The primary objective of this study was to analyze the effects of different caffeine dosages on resting and post-exercise cardiac autonomic modulation. While higher cardiac parasympathetic and global modulations were observed after CAF3 and CAF6 ingestion during the resting condition, no such effects were noted for the PLA and CON groups. Further, while all treatment groups demonstrated a significant reduction in lnRMSSD and lnSDNN 5-min following exercise, no between treatment effects were noted. Finally, given the continual HRV suppression for the PLA and CON groups at 35-min post-exercise, compared to the restoration of said indices for the CAF3 and CAF6 treatments to levels not significantly different from baseline, we conclude that the CAF ingestion in the quantities used in this study are sufficient to accelerates post-exercise autonomic recovery following a single bout of strenuous exercise. Based on these observations we accept our research hypothesis.
The effects of caffeine ingestion on resting HRV are conflicting, with studies reporting increases (30-32), reduction (33) and no changes (34) of resting parasympathetic and/or global modulation markers. Establishing a cause of these divergences is not an easy task since several variables can affect HRV analysis, such as sex (35), body position (36), body mass index (37), nutritional status (38), functional condition (39), corresponding heart rate (40), cardiorespiratory fitness (41) and age (42). In that same sense, the physiological and functional response to caffeine ingestion also depends on various factors such as individual caffeine habituation (43), caffeine dosage (44), sex (45), functional condition adopted to analysis (34), genetic profile (46), caffeine expectancies (47) and some other neuromuscular characteristics (48).
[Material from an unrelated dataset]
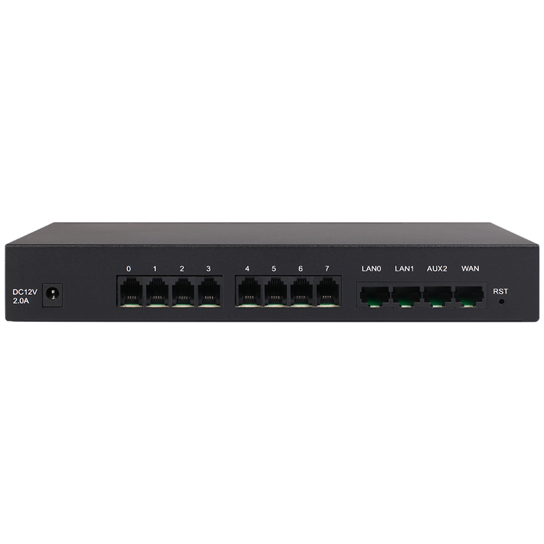 DAG1000-8O一款多通道高接入型网关,为小型企业,家庭式办公,远程办公室和多分支企业提供了一个低成本,操作简单的IP语音电话解决方案。支持8个FXO语音接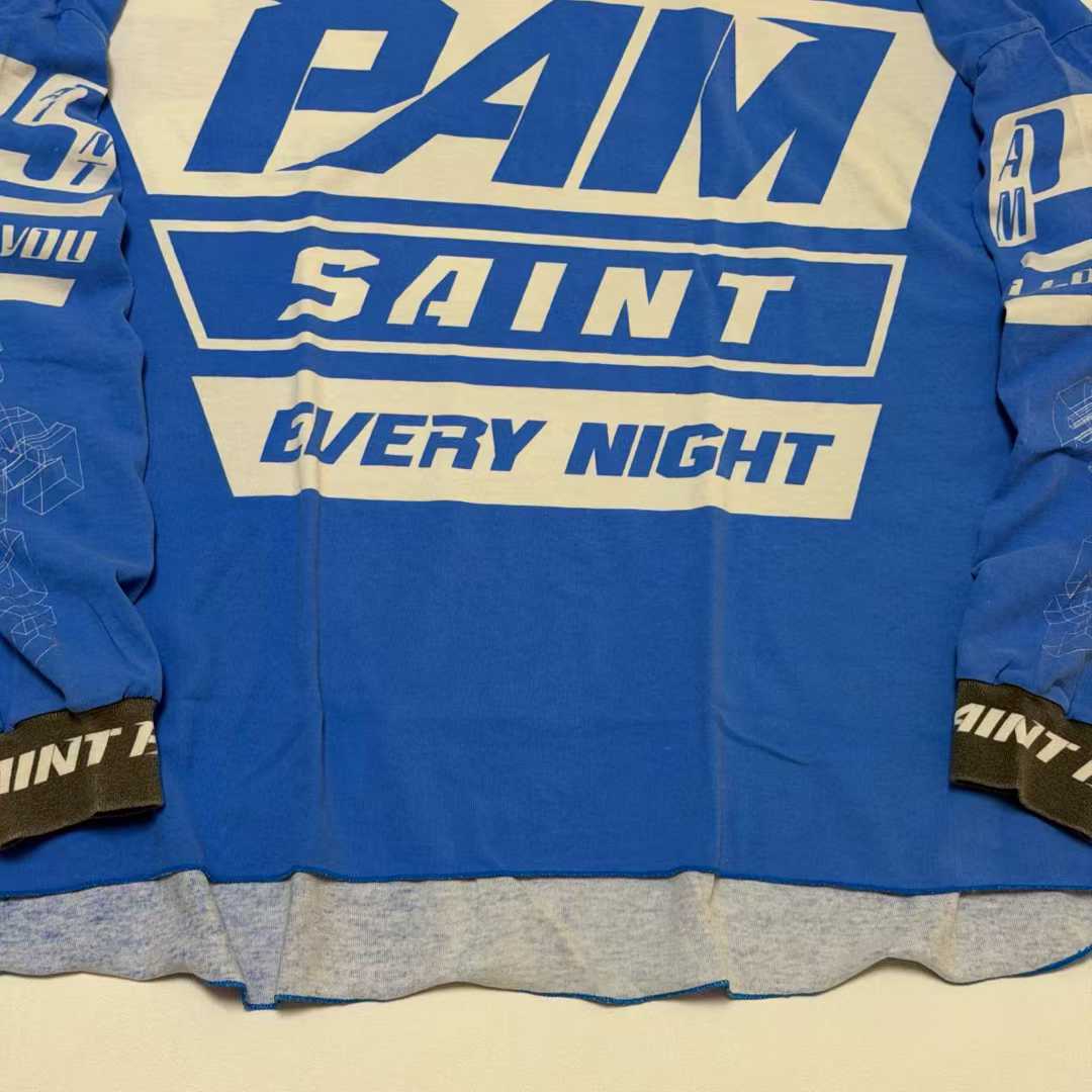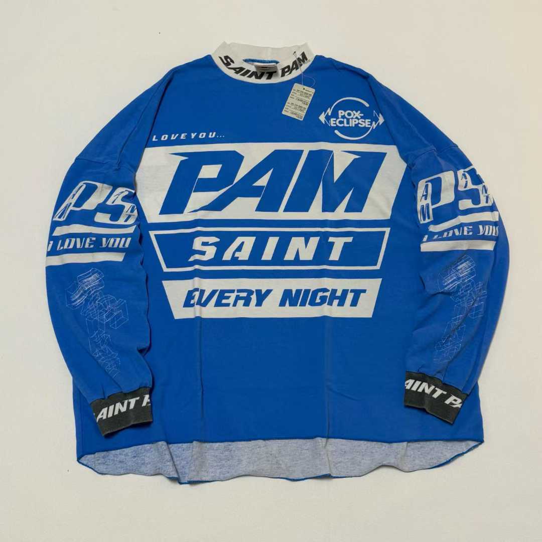本款為セントマイケルを代表するグラフィック要素を全面に落とし込んだロングスリーブTシャツです。フロントには存在感のあるPAMロゴとメッセージプリント、バックスタイルにも大胆なレタリングを配置し、ストリート感の強い視覺設計が魅力。スーパーコピー等級ならではの高再現度により、版型、配色細節、印刷位置まで忠実に製作されています。

Thus, it is plausible to infer that the autonomic response to caffeine ingestion is dependent on several independent variables, and the increase of cardiac parasympathetic and global modulations observed in this study may be limited to our study design and participants' characteristics.
Regarding the caffeine dosage effect, no differences between CAF3 and CAF6 on resting autonomic dynamics were observed by this study. Previous studies showed that both 2 (30) and 5 mg∙kg-1 (32) of caffeine, dosage close to those adopted in this study, were able to increase cardiac parasympathetic modulation. In this scenario, our results reinforce the possibility of increasing parasympathetic modulation after caffeine intake and add important information suggesting that the relationship between caffeine dosage and parasympathetic reactivity is not linear. No changes on lnRMSSD and lnSDNN were observed after 45 min of resting on PLA and CON groups, suggesting no effect of resting time on rest cardiac autonomic modulation. In opposition, a significant effect of resting time on supine and orthostatic cardiac parasympathetic and global modulation was previously observed after 60 minutes of resting in the supine position in young men (34). In this same scenario, Zimmermann-Viehoff et al. (2015) observed a significant effect of resting time on HRV parameters in a sample of young men and women from 30 to 50 minutes of rest at the seated position (49) . Despite ours and Zimmermann-Viehoff et al (2015) studies using the seated position to analyze HRV, some differences between them and may explain the conflicting results observed. These differences include the amplitude of R-R interval segments used for HRV analysis, rest time before the nutritional intervention and sample characteristics. Thus, these data indicate that the effect of resting time on HRV may be protocol-dependent and should be considered in studies involving the effect of different pharmacological and non-pharmacological interventions on HRV.
In the initial post-exercise analysis, all treatment groups demonstrated a significant reduction in lnRMSSD and lnSDNN, but no differences between treatments were noted. However, after 35 min of passive recovery no differences between rest and post-exercise lnRMSSD and lnSDNN were identified in CAF3 and CAF6 protocols, while a persistent depression of these autonomic markers was identified in CON and PLA groups. Thus, these results confirm our initial hypothesis (please, check it) that caffeine intake can boosts post-exercise cardiac autonomic recovery. Corroborating our results, Rolim et al. (2018) observed a higher post-exercise cardiac parasympathetic reactivation after a submaximal exercise test in young men after caffeine uptake (3 mg∙kg-1), despite no changes in resting markers of cardiac autonomic modulation (34). On the other hand, Kliszczewicz et al. (2018) underwent ten physically active young males to Wingate anaerobic test, and no effect of a complex containing caffeine (100 mg) + Citrus Aurantium (100 mg) was observed on post-exercise parasympathetic and sympathetic activity, despite higher resting sympathetic activity compared to the placebo condition (17). Otherwise, Bunsawat et al (2014) suggest that caffeine can promote a sympathetic over activation after maximal exercise, a hypothesis based mainly on higher absolute heart rate and blood pressure after an exercise test (14). However, higher training load and maximum heart rate were observed in Bunsawat’s study after caffeine intake, with no differences in heart rate recovery at the first and the second-minute post-exercise, which makes the caffeine-induced sympathetic over activation hypothesis questionable. In other words, higher post-exercise absolute heart rate and blood pressure may occur due to a higher training load and not necessarily a direct effect of caffeine ingestion.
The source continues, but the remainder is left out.